The morning mist still clung to the enchanted ceiling of the Great Hall, swirling in shades of pearly grey, when the overhead rustle of wings announced the arrival of the post.

​A sleek, tawny owl swooped down, landing with practiced dignity between Ashlyn's bowl of porridge and Alex's mountain of toast. It bore two thick envelopes sealed with the family crest and a heavy, charmed parcel that smelled faintly of rosemary and burnt sugar.

​Alex tore into his letter with the same chaotic energy he brought to flying, but Ashlyn used a butter knife to slit her envelope with surgical precision. Inside, the parchment was crisp, smelling of the beeswax polish used in their father's study.

​Dearest Ashlyn,

​I trust the Ravenclaw tower is providing the intellectual rigor you craved, though your father worries the altitude might be thinning your blood. He has spent the last three days debating with your brother over the structural integrity of the Astronomy Tower—please do not go climbing it just to prove him right.

​Mipsy was inconsolable when she found your favorite inkwell left behind. She insisted on packing these honey-nut brittles; she claims the castle food lacks "proper fortification for a growing mind."

​Your father says to tell you that if you find the Restricted Section, to look for 'The Unified Theory of Thaumaturgy.' He suspects it's being used as a doorstop somewhere. Stay sharp, Ashlyn. Remember that the stones of Hogwarts have ears, but they also have memories.

​With all our love,

Mother

​Ashlyn folded the letter carefully, a small, rare smile tugging at her lips. Beside her, Alex was already halfway through a piece of Mipsy's brittle, his face lit up with a sugar high that boded ill for his next class.

​To an outsider, Ashlyn's daily life might have seemed mundane—a series of lectures and ink-stained fingers—but to her, it was a high-stakes game of observation.

​The Classroom Grind: In History of Magic, while Professor Binns droned on about the Goblin Rebellion of 1612, Ashlyn wasn't sleeping. She was watching the way the ghosts drifted through the limestone walls. She noticed that they always avoided the third brick from the floor in the north corner—a "cold spot" that suggested a hollow space or an ancient ward.

The library was her tactical headquarters. It wasn't just the books; it was the Atmospheric Geometry.
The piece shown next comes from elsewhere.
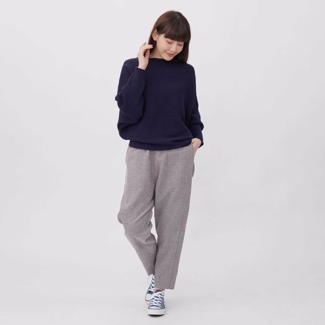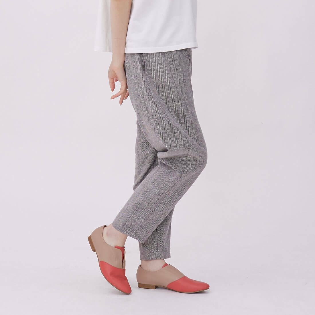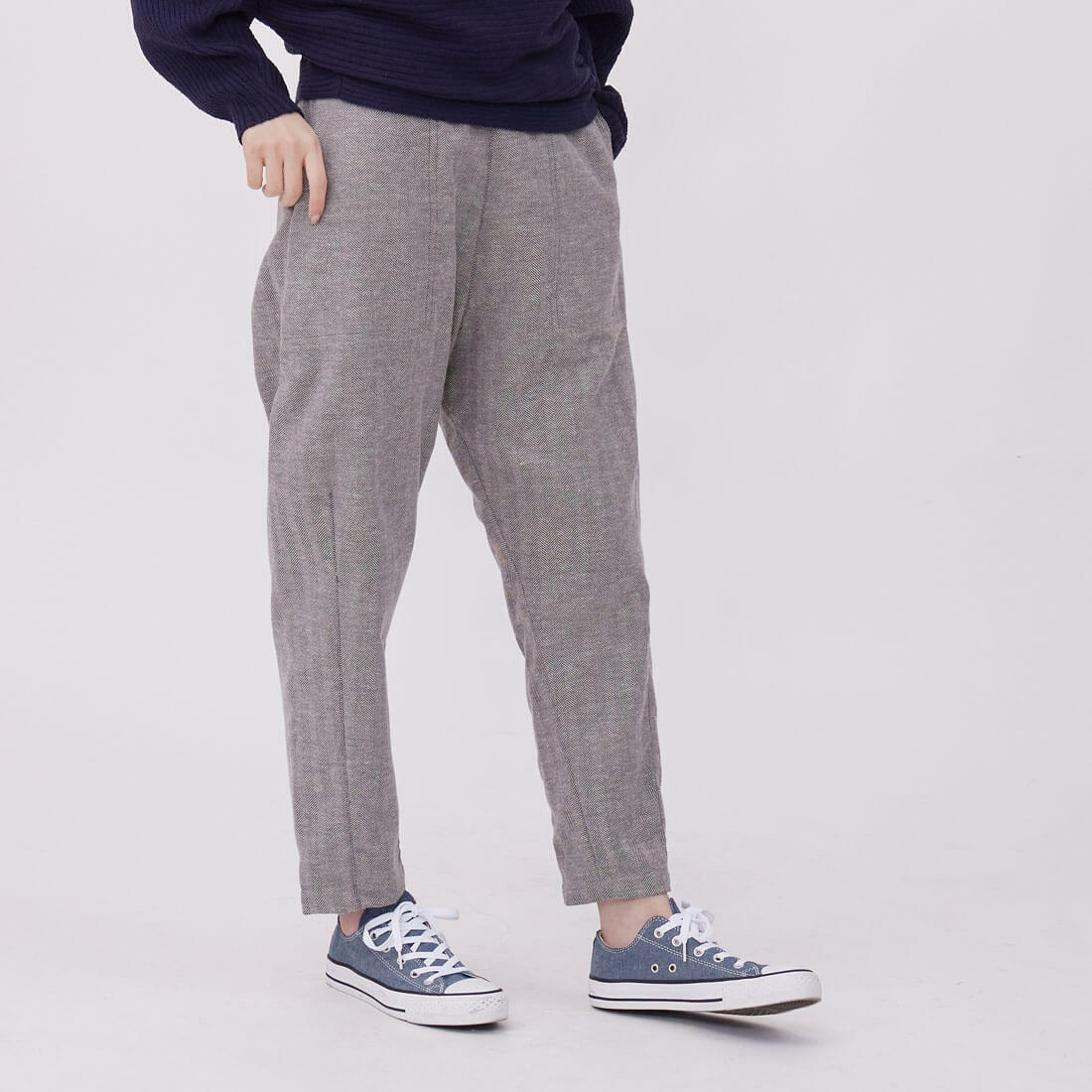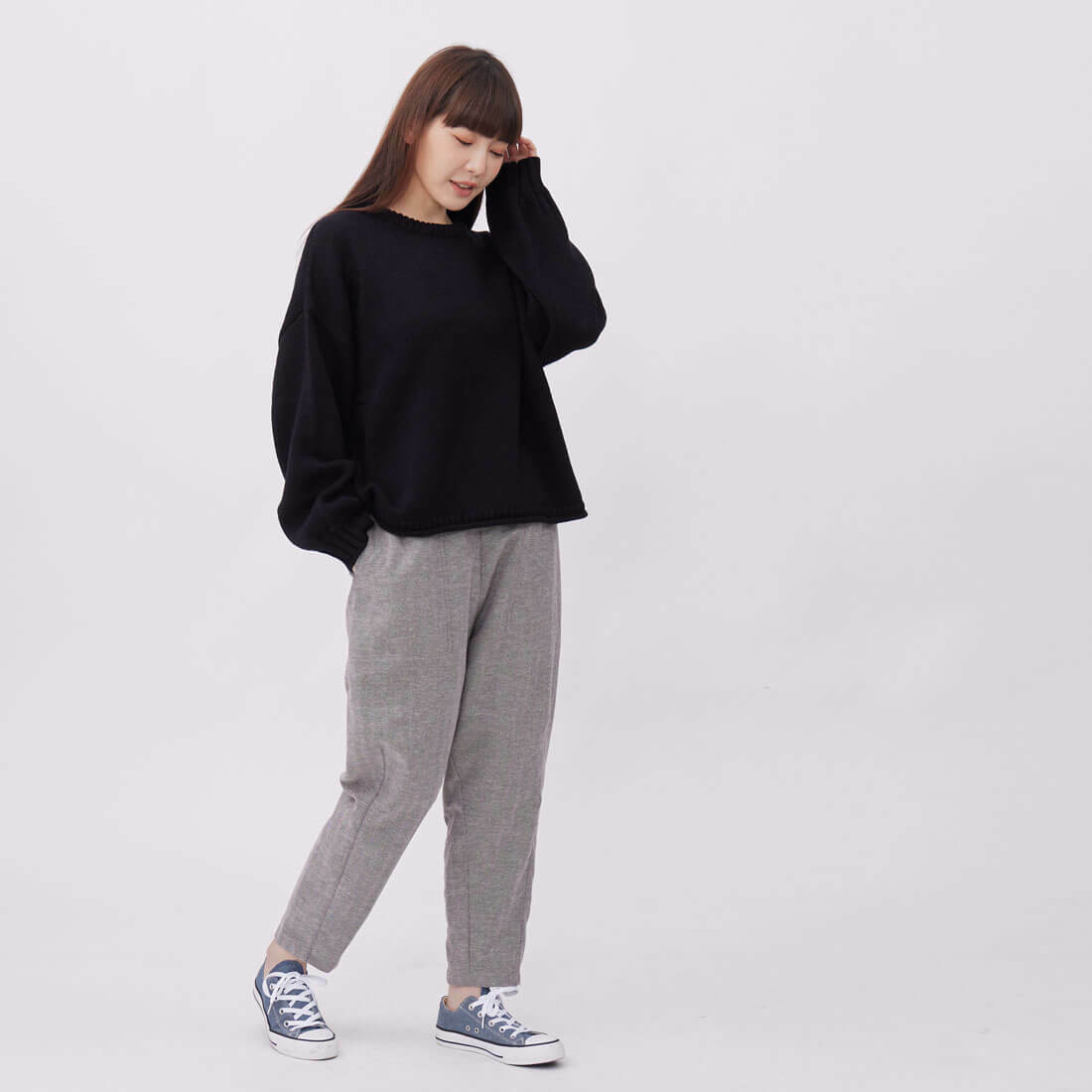 上寬下窄的蘿蔔褲型,輪廓真的很特別,有如西裝褲縫線細緻!

She spent hours in the deep stacks where the air was thick with the scent of vanillin and old leather. She discovered that if you sat in the "Silence Zone" near the West Window at exactly 4:00 PM, the light hit the dust motes in a way that revealed faint, etched runes on the floorboards—remnants of a forgotten navigational system.

​Hogwarts was far more than moving staircases. Ashlyn began to notice the "veins" of the castle:

​The Hum: In the quiet corridors of the fourth floor, there was a low-frequency vibration, like a giant cat purring.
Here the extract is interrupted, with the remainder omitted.